Parkinson’s disease is usually diagnosed only after tremors, stiffness, or slowed movement appear—signs that the brain has already been changing for years. This study explores an unexpected shortcut: looking at tiny blood vessels in the back of the eye with a painless imaging scan and then using artificial intelligence to flag people who may have Parkinson’s earlier and more objectively than today’s checkups allow.

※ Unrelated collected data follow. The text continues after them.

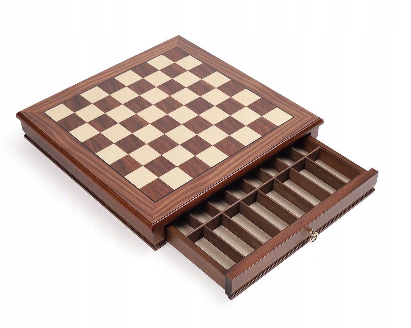 Шахова дошка з дерева з висувним ящиком для зберігання фігур. Розміри шахової дошки: 43 х 43 см, розмір поля: 4,4 см. Виробництво: Італія.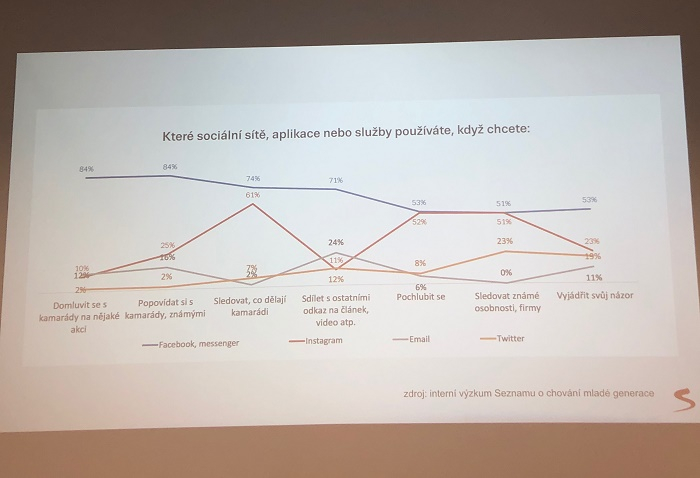 Z pohledu užívání sociálních sítí panují u mladých velké rozdíly v tom, na co kterou používají. Ke sledování svých přátel a známých osobností čím dál více preferují Instagram. U sdílení článků a videí však stále vede Facebook.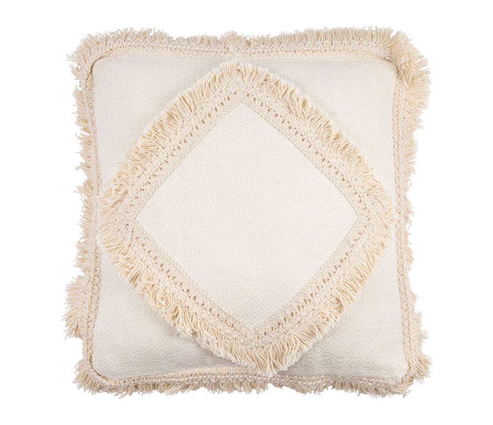 • Tyynynpäällinen hapsukuviolla 45x45cm, valkoinen

Looking at the Brain Through the Eye

The light-sensitive tissue at the back of the eye, the retina, is essentially an accessible part of the brain. It shares similar nerves and blood vessels but can be examined non-invasively in a clinic. The researchers used a technology called optical coherence tomography angiography, or OCTA, which produces detailed, dye-free maps of the retinal circulation. Because Parkinson’s has been linked to problems in small blood vessels elsewhere in the body, the team asked whether subtle changes in these retinal networks could act as a “window” into early disease.

Turning Eye Scans Into Numbers

In a retrospective study, the team collected OCTA scans from 53 people with Parkinson’s and 39 healthy, age-matched volunteers. They focused on two layers of retinal vessels: a superficial layer near the surface and a deeper layer underneath. From each layer they automatically segmented the central foveal avascular zone—the tiny blood-vessel–free pit needed for sharp vision—as well as the surrounding capillaries. They then converted each image into 22 numerical measurements. Some described the shape of the foveal zone, such as how round, smooth, or irregular its edge was. Others captured how dense the blood vessels were overall and in a ring around the fovea. Together, these measurements quantified microvascular health with far more nuance than a human eye could judge.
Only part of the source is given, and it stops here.